Mais, huit siècles plus tard, un explorateur allemand (personne n’est parfait) plaidera pour un mot issu de l’un des (nombreux) dialectes présents dans la zone, avec le sens de ‘le creux des dunes’, ou ‘le village abrité au pied des dunes’ **. Voilà de quoi aller voir là-bas si j’y suis, tant le nom fut autrefois synonyme de ’bout du monde’. En effet, au fil des époques, on expédia les gens indésirables ‘au diable’, voire ‘au diable vauvert (la vallée verte)’, puis chez les plou(c)s (le village, en breton); du temps des cathédrales, on connaissait même T(h)unis, mythique royaume du roi de la Cour du Miracles qui grouillait autour de Notre-Dame de Paris.

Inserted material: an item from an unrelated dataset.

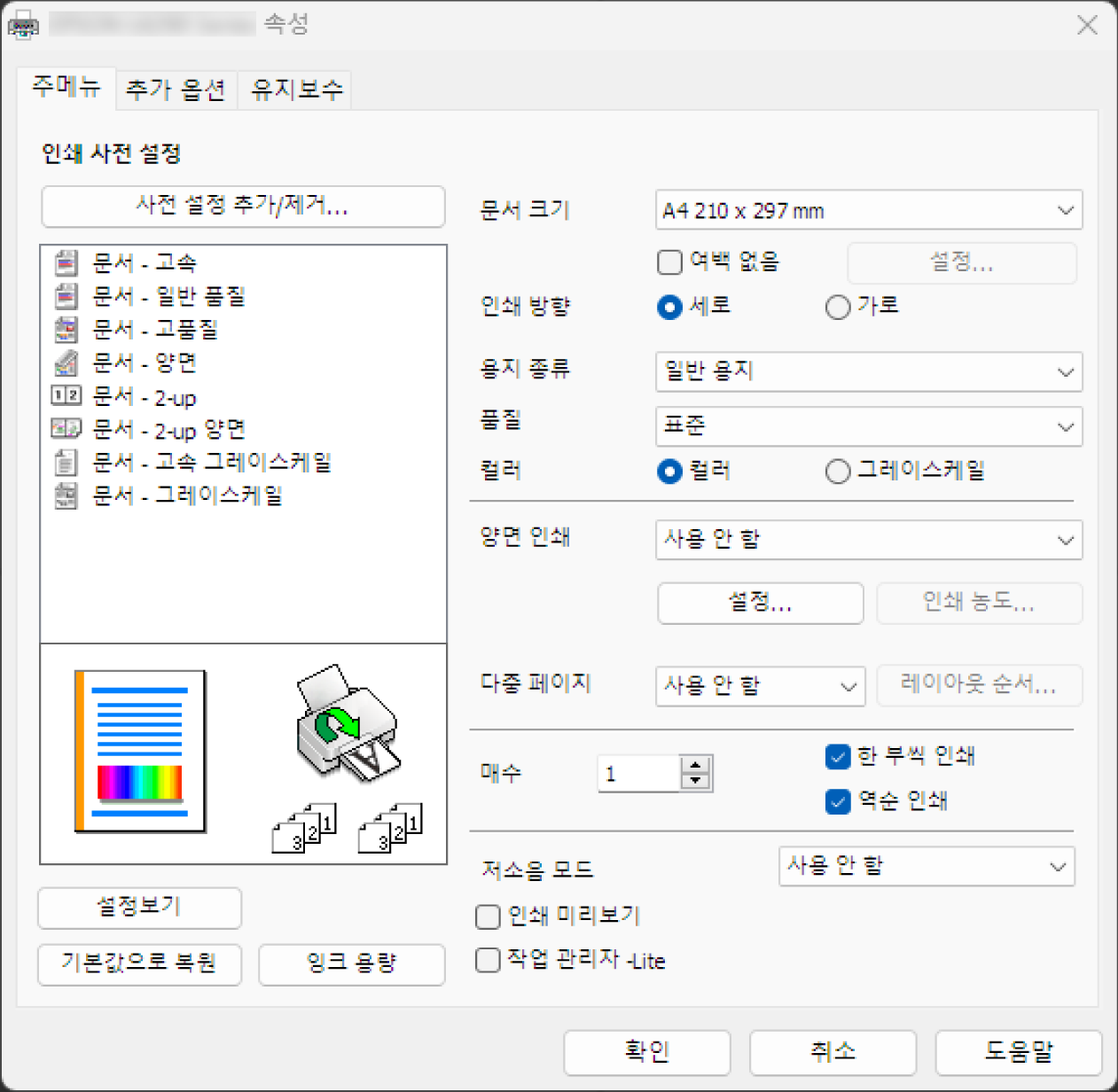 프린터 드라이버 창을 열려면 기본 설정 또는 속성을 선택합니다.

Au vingtième siècle, on nommera Mgr Jacques Gaillot ‘évêque de Parténia’, district symbolique du sud algérien, à l’opposé du très concret tunisien du sud Tataouine (les Bains, parfois), bagne de sinistre mémoire réservé aux récalcitrants des ‘Bat’d’Af’ (bataillons d’Afrique), autant dire des ‘bleds’ (pays) d’où l’on ne reviennait pas, ou si peu. On pensera aussi à en envoyer certains «chez les Grecs», ou, si vous avez le malheur de chanter en punk dans une église russe, «au Kamchatka» (au fin fond de l’ex-empire). Et si vous ne savez plus où donner de la boussole, choisissez Pétaouchnok ou Tartempion-les-Olivettes (comprenne qui pourra ce qu’elles viennent faire là). En résumé et en français dans le texte, tout çà, c’est ‘le trou du cul du monde’, en tout cas vu par un ‘civilisé’ de l’Occident, un trou dans lequel il ne devinait point l’insondable trésor culturel qu’il a si longtemps ignoré et sur la disparition duquel il lui sied de s’affliger aujourd’hui.

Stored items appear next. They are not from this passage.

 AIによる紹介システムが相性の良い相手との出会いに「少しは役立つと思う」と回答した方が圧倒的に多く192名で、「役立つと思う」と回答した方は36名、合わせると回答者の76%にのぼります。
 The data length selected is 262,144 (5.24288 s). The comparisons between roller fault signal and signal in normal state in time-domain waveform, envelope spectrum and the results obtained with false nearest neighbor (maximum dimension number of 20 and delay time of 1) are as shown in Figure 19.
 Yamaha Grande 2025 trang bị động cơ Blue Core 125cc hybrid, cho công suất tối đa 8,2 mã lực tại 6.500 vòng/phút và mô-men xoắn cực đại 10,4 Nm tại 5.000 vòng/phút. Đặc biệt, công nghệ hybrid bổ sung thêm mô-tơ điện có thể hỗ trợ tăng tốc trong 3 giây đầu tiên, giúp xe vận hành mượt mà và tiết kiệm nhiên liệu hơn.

Un ami musicien me faisait remarquer que pour lui, au contraire, Tombouctou sonnait comme une séquence de frappe sur une batterie, avec ce rythme à trois temps impulsé par les deux ‘t’ et la répétition du ‘ou’. Tom-bouc-tou, tom-bouc-tou…il n’empêche, les chanteurs inspirés par cette ville n’ont pas failli au cliché, tel Alain Chamfort: «…prends tes jambes à ton cou, le train pour Tombouctou, là où tu passes, laisse pas la moindre trace…», et quelques chansonniers des années 50: «…As-tu été à Tombouctou?…» sur l’air de «As-tu été à Tahiti?», c’est dire!

Désormais, à l’instar de quelques medias un peu exaltés, c’est avec des accents gaulliens qu’il faudra citer le nom de cette ville; ‘Tombouctou outragée, brisée, martyrisée, mais Tombouctou libérée!’ (‘Une’ authentique d’un hebdomadaire africain).

(*) c’est la même idée que l’origine d’Abidjan (cf ce mot).
(**) pour l’anecdote (et les amateurs des plages d’Aquitaine), c’est exactement la définition étymologique de la ville de…Biscarosse, mais évidemment d’après deux racines celtes!